Small van versatility coupled with the imaginative use of available space as well as the introduction of lighter racking systems means that fleets are downsizing their light commercial vehicles and cutting costs by 10% to 15%.

Sales of sub-3.5 tonne vans are on the increase as operators move out of six and 7.5-tonne vehicles amid the realisation that smaller vehicles can deliver the same load-carrying capability while the business benefits from fuel economy savings.

Similarly, sales of smaller vans are on the rise at the expense of the ubiquitous large panel van.

Additionally, the advent of Euro5 emission-compliant engines means that manufacturers are producing smaller powerplants but with improved performance while also delivering lower emissions and better fuel consumption than the Euro4 units they are replacing.

A Citroën spokesman says: “The downsizing trend is being driven by the versatility of small vans, particularly mid-size and Hi-cube models.
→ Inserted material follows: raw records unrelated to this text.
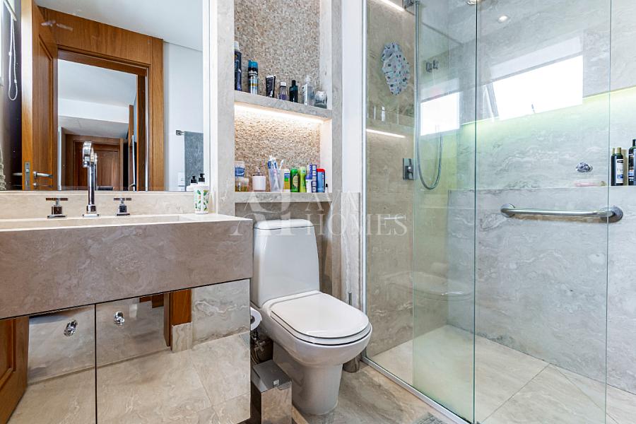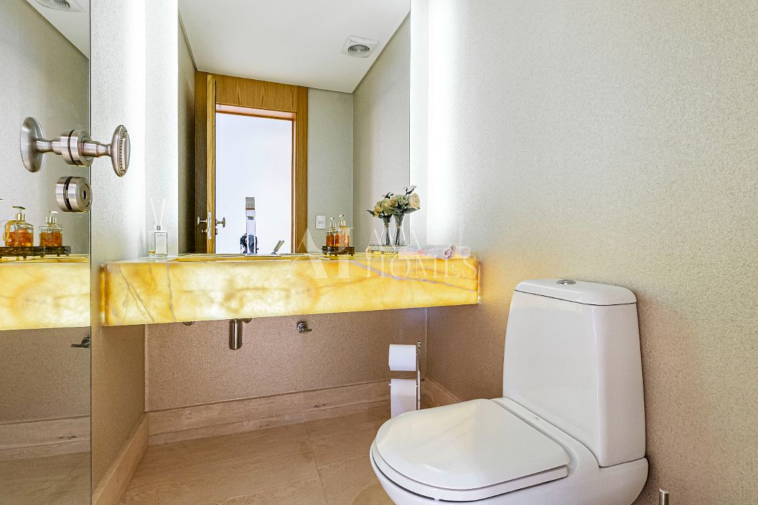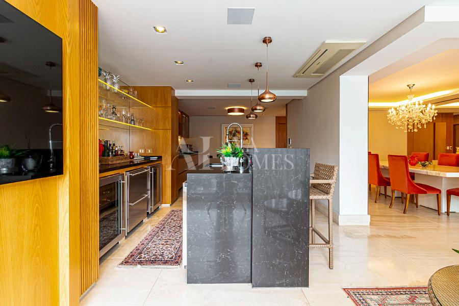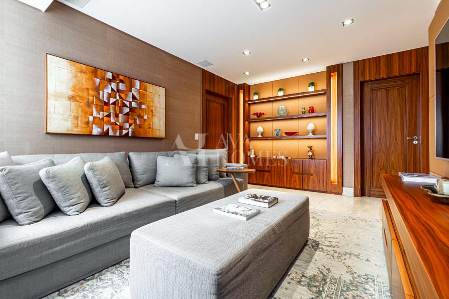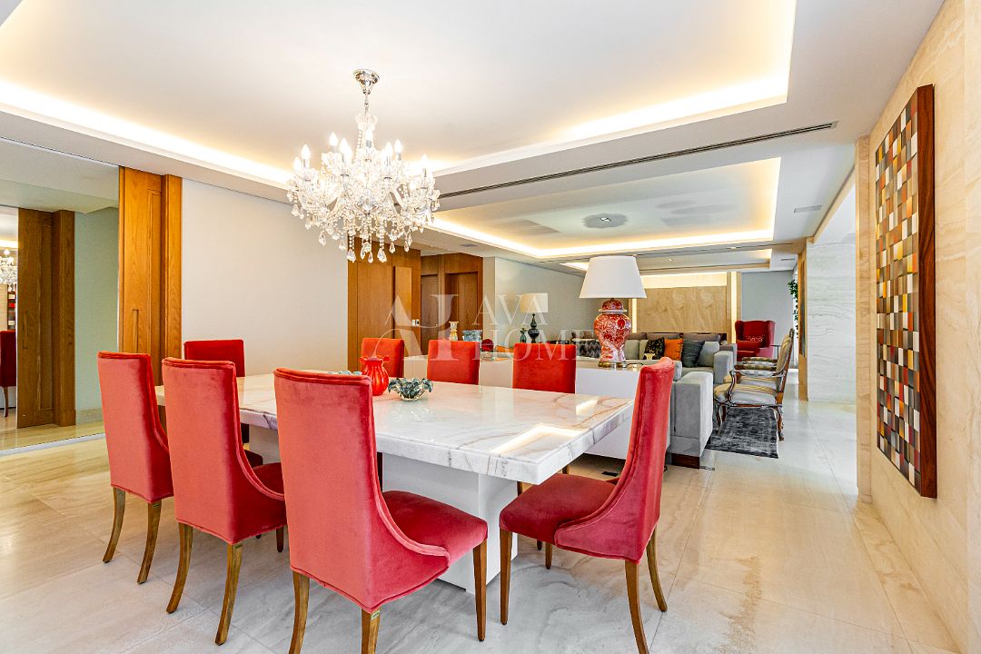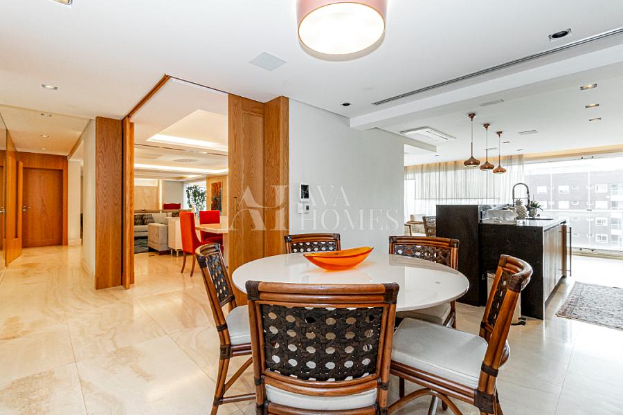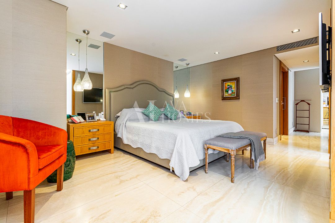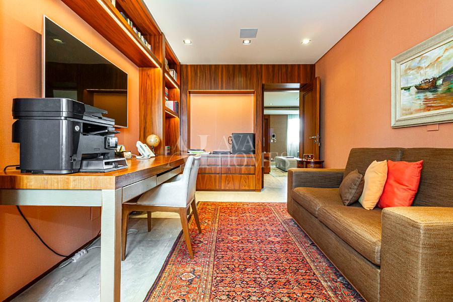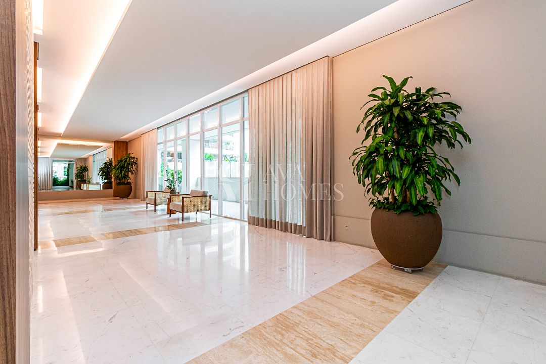 Estamos falando de um apartamento com grife: projeto impecável da arquiteta Débora Aguiar, execução pela Foz Engenharia e iluminação assinada por Guinter Parschalk (sim, o cara do Hotel Unique). Tudo isso em 370m² revestidos em mármore travertino, onde cada canto grita sofisticação e tecnologia de ponta.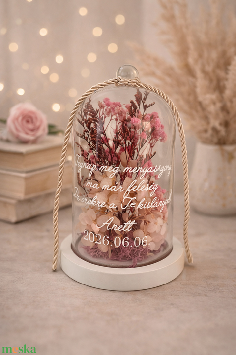 Virágbúra szárazvirággal, egyedi felirattal esküvői szülőköszöntő ajándék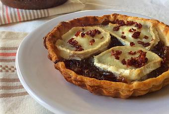 El último paso es rellenar las tartaletas. Ponéis la cebolla confitada en el fondo de la tartaleta, encima las lonchas de queso de cabra y lo metéis en el horno sólo con el gratinador, para deshacer un poco el queso.
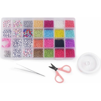 Sada rokajlů a plastových korálků v boxu potěší malé i velké korálkářky. Jsou skvělé na výrobu náramků a náhrdelníků, protože součástí celé sady je i silikonová pruženka, kovová...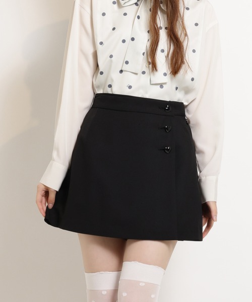 MILK 2025 Winter◾︎フロントをラップスカート風に仕上げた、遊び心のあるキュロット◾︎ハートボタンをあしらい、シンプルなデザインに可愛らしさをプラス◎◾︎スカート見えしながらも、インナーはキュロット仕様で動きやすさも抜群。アクティブなお出かけにも最適です♪◾︎同シリーズの「ハートButton ジャケット(商品コード:)」とセットアップで着用すれば、統一感のあるクラシカルなスタイルに!♡ Colors ♡A,レッド / B,ブラック♡ Size ♡ウエスト 66~72㎝ / ベルト下丈 36㎝♡ おすすめのスタイリング ♡▪milk ドットシャツ (code : 98714659)▪ハート Button ジャケット (code : 98714661)▪Cross トップス (code : 98714675)▪ロゴ ベレー (code : 98714694)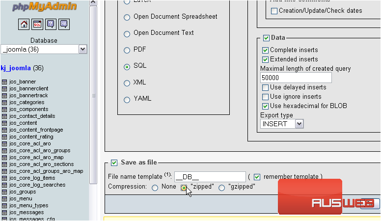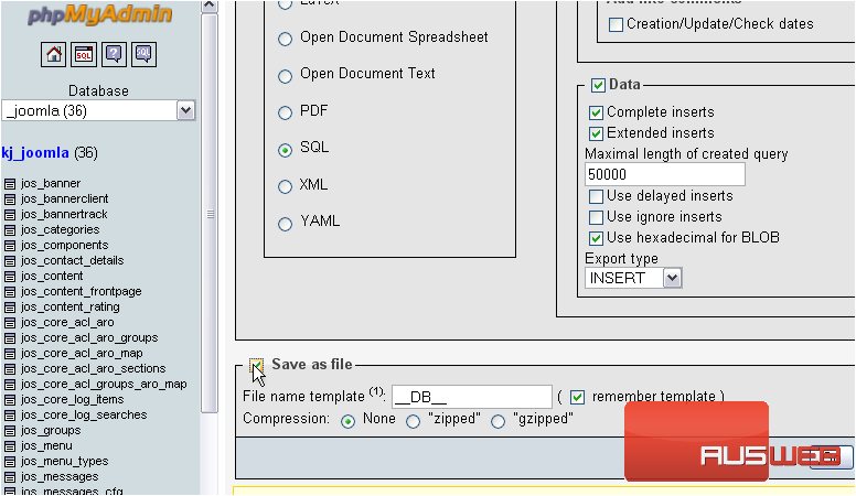 Success! You can now back up your Joomla database using phpMyAdmin whenever you want!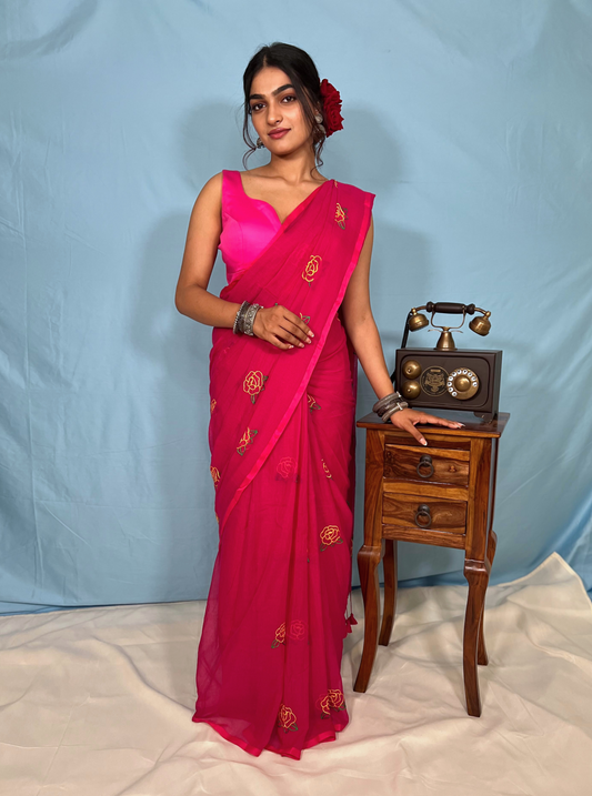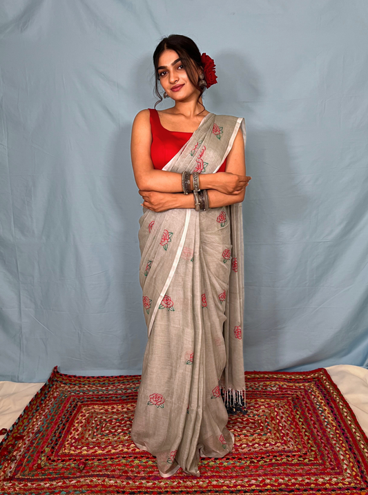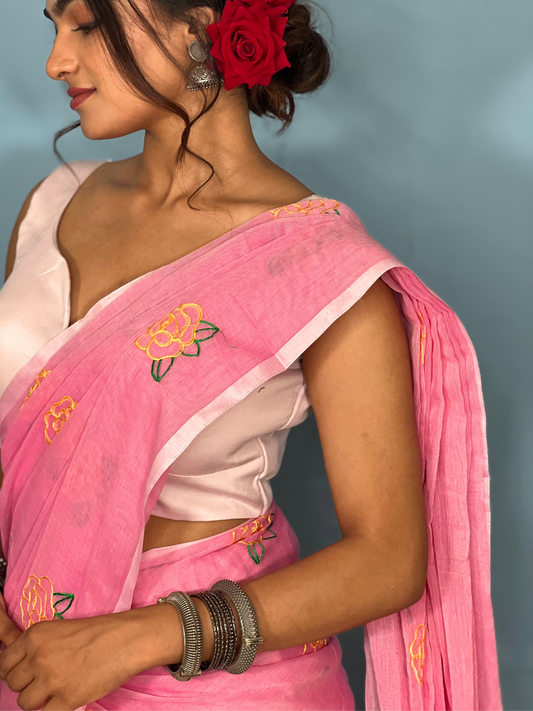 Dive into the world of "Gulabo" - Delicately embroidered roses dance on lightweight soft mul cotton saree, embodying the essence of elegance and freshness. Feel the soft embrace of petals in every drape.
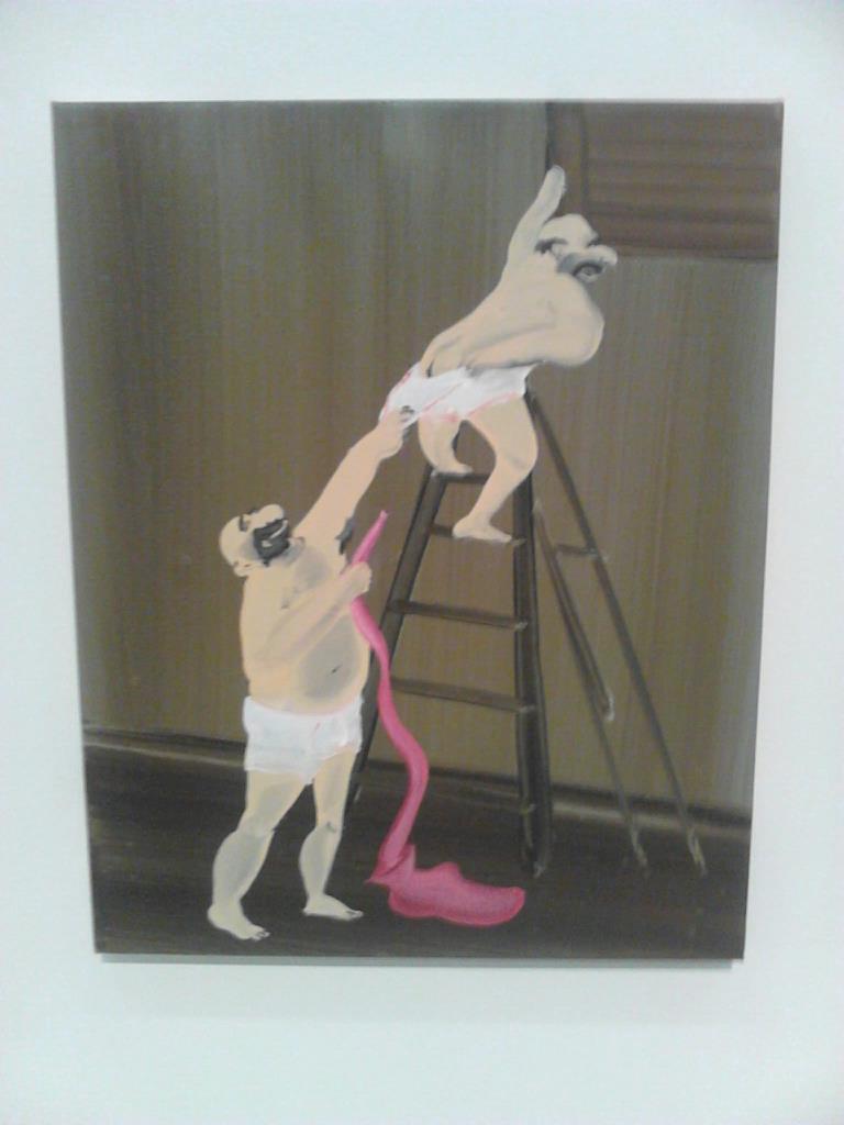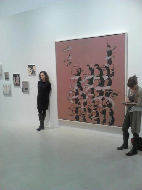 ”Rip Image”, som består av målningar och animationer, och enligt uställningens två curatorer arbetar tala Madani med ”politiska ämnen som inkluderar maktstrukturer, maskulinitet och gruppdynamik. En kontrast, mellan humor och allvar, lek och hård verklighet”. På pressvisningen passerade jag en äldre dam, konstkritiker sedan länge, och hon sa lite halvviskande till en i personalen att hon tyckte att verken är taffligt utförda, sällan estetiskt tilltalande, ämnena uttjatade och banala.

"Features such as folding front passenger seats and folding bulkheads means vehicles can carry loads that previously they couldn’t.”

Dave Freeman, LCV specialist at leasing and fleet management company ING Car Lease, which has around 7,500 vans on its fleet, adds: “We challenge customers about the size of vans they use and the loads they carry.

"We often find fleets replace like-with-like because they have always operated the same size vehicle. However, innovations by manufacturers make downsizing possible and that delivers huge savings.”

He calculates that fleets can make savings of 10% to 15% in terms of monthly rentals and operating costs by being open to new ideas and ditching old habits.

The Citroën spokesman adds: “The imagination of manufacturers and van racking companies means that every available inch of internal space is being used.”

For example, computer-aided design and computer-aided technology has been adopted to maximise interior space to meet individual operator requirements.

Thus a combination of improved vehicle performance and flexibility means that van downsizing is a reality for many organisations with significant savings in operating costs accompanied by a ‘green’ halo.

Leading van racking specialist Bri-Stor Systems has launched a ‘higher strength and lighter weight’ fuel saving racking system range.

It is claimed to deliver a 33% weight saving due to the use of lightweight components which means improved fuel consumption and allows a greater payload.

Latest engines offer the best of both worlds

Motor manufacturers are downsizing engines but giving drivers the power and performance traditionally associated with larger units.

Small engines mean lower emissions, which means savings on all motoring taxes – including Vehicle Excise Duty and company car tax which are directly linked to CO2 emissions – and a product of reduced emissions is improved fuel consumption.

Volvo announced at September’s Frankfurt International Motor Show that it was developing a new engine range consisting solely of four-cylinder petrol and diesel engines.

Next year Ford will introduce a three-cylinder 1.0-litre petrol engine in its Focus that promises to deliver the performance of a 1.6 litre engine with CO2 emissions below 120g/km.

The engine, with power outputs of 100PS and 120PS, will also appear in the C-Max and B-Max. Ford’s downsized engines feature turbocharging, direct injection and other technologies.

Renault says its Energy engine range is an example of how innovation can work not only for performance, but also for low fuel consumption and CO2 emissions and reduced running costs.

A 1.2-litre engine will initially feature in Megane and Scenic next year. It will replace the existing 1.6 16v 110bhp powerplant and promises a 30% emissions reductions, a 25% MPG improvement as well as 5bhp more.